Ertelenmiş Hayat: Hep Sonraya Bıraktığımız Mutluluk

Abone Ol

Hepimiz hayatımızın bir döneminde kendimize aynı cümleyi kurarız:

“Bunu sonra yaparım.”

“Biraz zaman geçsin, o zaman mutlu olurum.”

Sanki mutluluğun kapısı hep ileride bir yerdeymiş gibi…

Sanki bugün, tam olarak yaşamaya uygun değilmiş gibi…

Aslında fark etmeden kendi hayatımızı erteliyoruz.

Sınav geçsin diye bekliyoruz, iş bulunsun diye bekliyoruz, para biriksin diye bekliyoruz…

Ancak beklerken geçen zamanın geri dönüşü olmuyor.

Ertelenmiş hayat sendromu dediğimiz şey tam olarak bu:

Mutluluğu hep geleceğe atmak.

Kendimizi hep son sıraya koymak.

Ama gerçek şu ki, hayat büyük anlarla değil; küçük anlarla akıyor.

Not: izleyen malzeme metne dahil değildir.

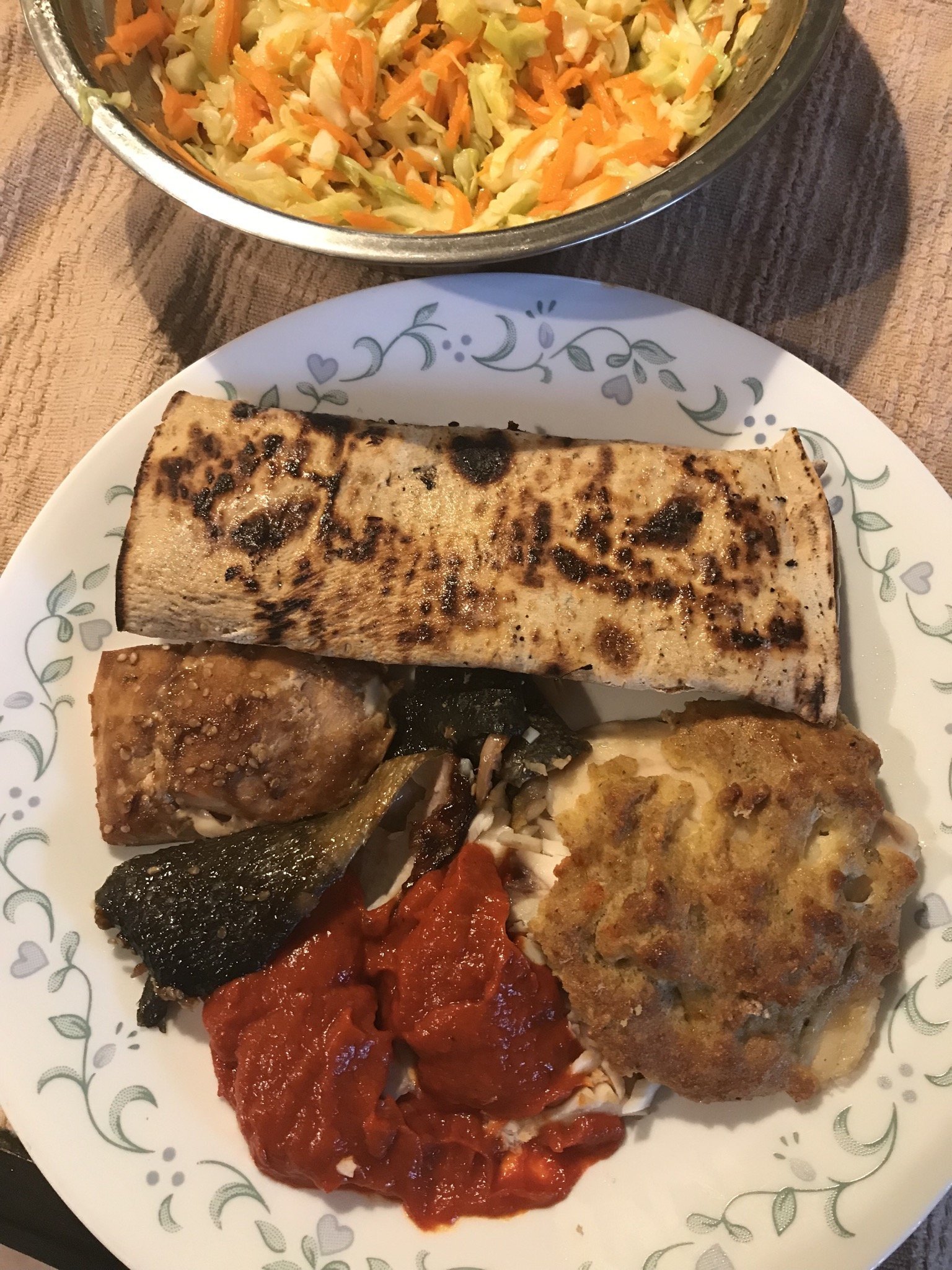 За да направите телешки кюфтета със зеленчуци направо от тавата, първо рендосайте 2 малки тиквички и ги оставете да се отцедят за няколко минути. След това изстискайте излишната вода и смесете настърганите тиквички с яйце, сода за хляб и овесени ядки, докато получите гъста смес. Разстелете тази смес върху хартия за печене и печете в предварително загрята фурна на 180°C до готовност. След това подредете отгоре кръгчета домати, сирене и кашкавал и леко ги запечете, докато сиренето се разтопи.

Bir kahve içmek, bir dostla gülmek, evde sessiz bir akşam geçirmek bile küçük birer mutluluk aslında. Büyük fırsatlar için beklerken, bu küçük anların değerini unutuyoruz.

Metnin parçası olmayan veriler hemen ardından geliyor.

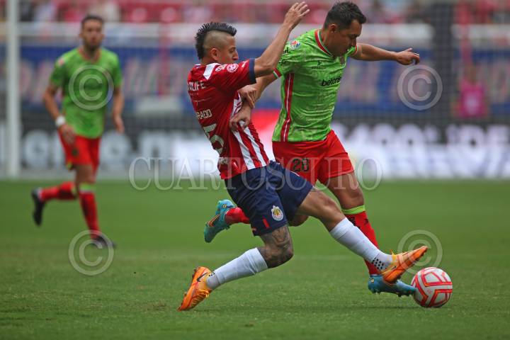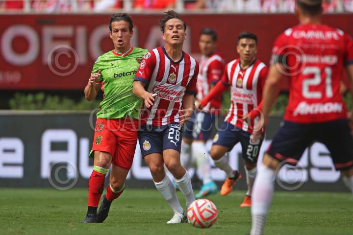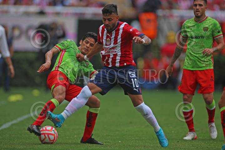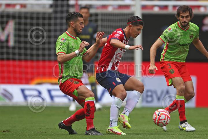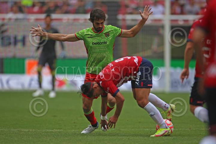 Alberto Acosta, jugador de Juárez, disputa un balón con el contrario de Chivas, Roberto Alvarado, esto en partido correspondiente a la Jornada 1 del Torneo Apertura 2022 de la Liga BBVA MX.

Belki bugün büyük bir değişim yapamayız.

Ama en azından küçük bir adım atabiliriz.

Kendimiz için birkaç dakika ayırabiliriz.

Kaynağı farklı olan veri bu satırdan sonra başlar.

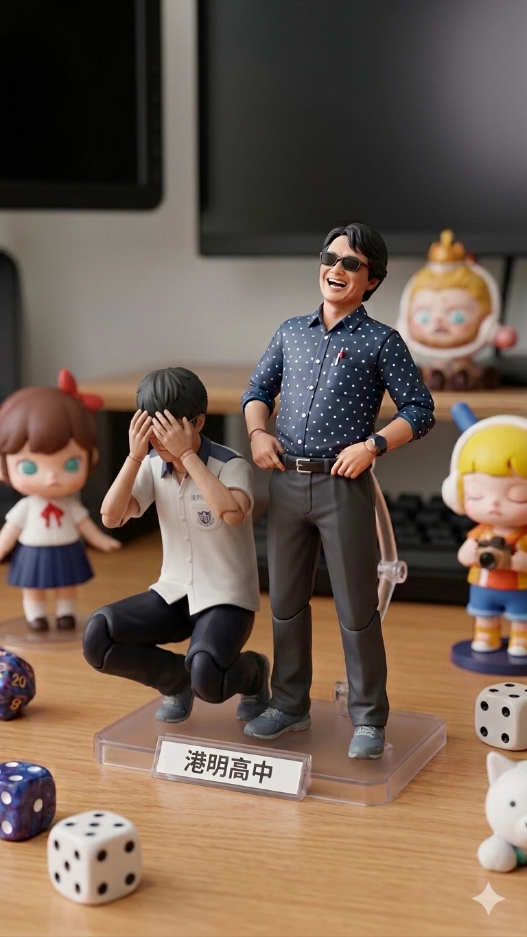 「請用我提供的原圖,把圖片內主體變成電腦桌前的立體公仔。場景為一張電腦書桌,上面擺放著一個1/7比例

Uzun zamandır yapmak istediğimiz basit bir şeyi yapabiliriz.

Çünkü hayat “mükemmel zaman”ı beklemiyor.

Ve ertelenen her şeyin içinde aslında kaybolan biraz da biz oluyoruz.

Bugün küçük de olsa bir adım atmak, belki de ertelenmiş hayatımızın başlangıcı olur.